╔══

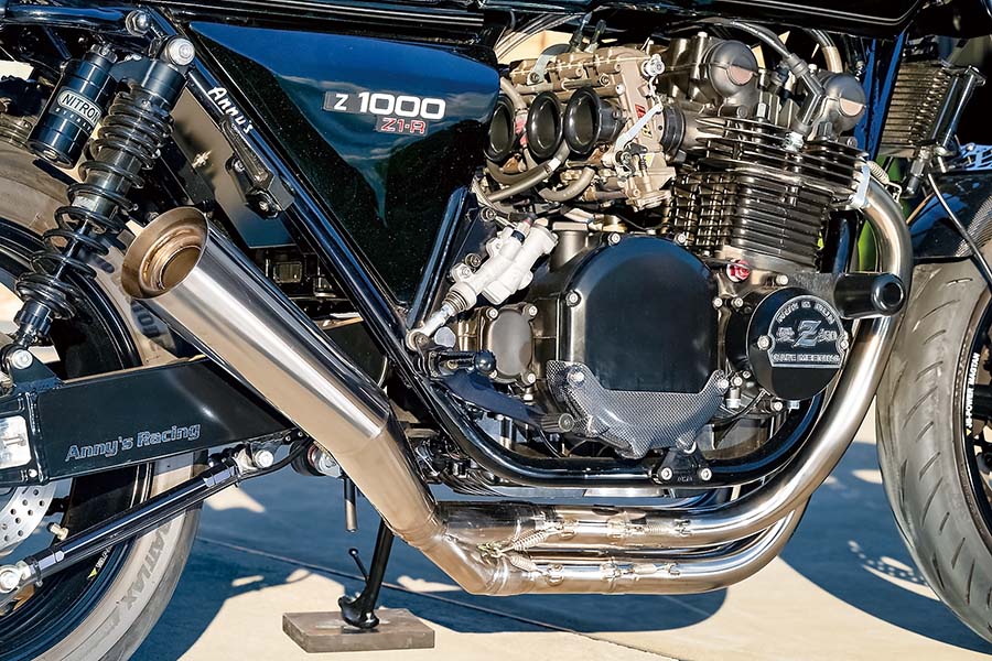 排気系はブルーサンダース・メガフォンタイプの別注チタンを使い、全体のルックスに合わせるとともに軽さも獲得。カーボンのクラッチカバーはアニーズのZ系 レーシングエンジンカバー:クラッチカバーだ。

╚══
╔══

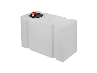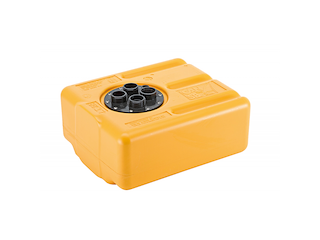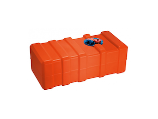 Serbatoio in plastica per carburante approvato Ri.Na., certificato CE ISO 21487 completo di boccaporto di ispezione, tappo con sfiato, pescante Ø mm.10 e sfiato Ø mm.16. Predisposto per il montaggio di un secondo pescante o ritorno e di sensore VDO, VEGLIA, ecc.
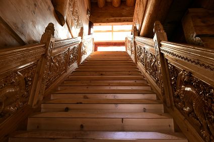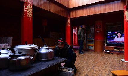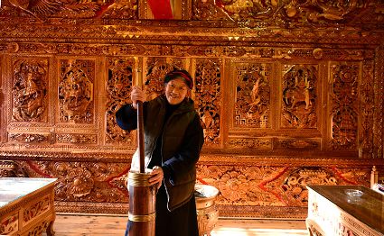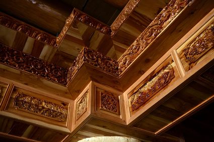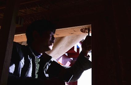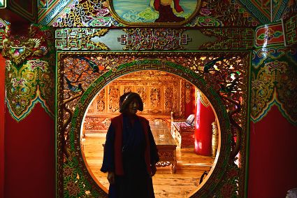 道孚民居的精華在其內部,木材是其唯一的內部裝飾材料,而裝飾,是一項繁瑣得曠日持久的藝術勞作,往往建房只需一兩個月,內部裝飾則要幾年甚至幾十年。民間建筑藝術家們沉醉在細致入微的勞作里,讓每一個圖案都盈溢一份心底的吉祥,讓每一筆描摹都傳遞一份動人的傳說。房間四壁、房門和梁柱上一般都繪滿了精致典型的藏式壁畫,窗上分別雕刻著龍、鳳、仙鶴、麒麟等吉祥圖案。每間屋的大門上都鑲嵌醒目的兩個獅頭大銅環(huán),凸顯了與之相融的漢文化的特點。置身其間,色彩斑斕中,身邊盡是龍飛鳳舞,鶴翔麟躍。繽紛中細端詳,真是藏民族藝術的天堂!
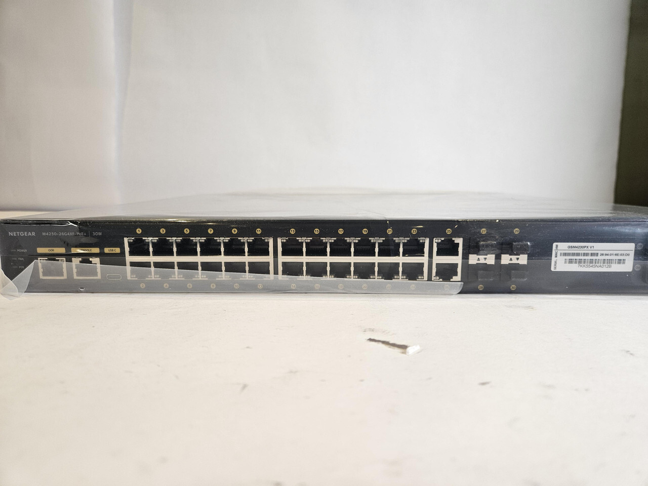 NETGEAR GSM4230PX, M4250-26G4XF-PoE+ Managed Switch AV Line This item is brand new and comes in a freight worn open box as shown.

╚══

## Try it
Return the material from the line containing "Serbatoio in plastica" through the line containing "NETGEAR GSM4230PX, M4250-26G4XF-PoE+", exactly and in full, but without its pictures.

## Result
 Serbatoio in plastica per carburante approvato Ri.Na., certificato CE ISO 21487 completo di boccaporto di ispezione, tappo con sfiato, pescante Ø mm.10 e sfiato Ø mm.16. Predisposto per il montaggio di un secondo pescante o ritorno e di sensore VDO, VEGLIA, ecc.
 道孚民居的精華在其內部,木材是其唯一的內部裝飾材料,而裝飾,是一項繁瑣得曠日持久的藝術勞作,往往建房只需一兩個月,內部裝飾則要幾年甚至幾十年。民間建筑藝術家們沉醉在細致入微的勞作里,讓每一個圖案都盈溢一份心底的吉祥,讓每一筆描摹都傳遞一份動人的傳說。房間四壁、房門和梁柱上一般都繪滿了精致典型的藏式壁畫,窗上分別雕刻著龍、鳳、仙鶴、麒麟等吉祥圖案。每間屋的大門上都鑲嵌醒目的兩個獅頭大銅環(huán),凸顯了與之相融的漢文化的特點。置身其間,色彩斑斕中,身邊盡是龍飛鳳舞,鶴翔麟躍。繽紛中細端詳,真是藏民族藝術的天堂!
 NETGEAR GSM4230PX, M4250-26G4XF-PoE+ Managed Switch AV Line This item is brand new and comes in a freight worn open box as shown.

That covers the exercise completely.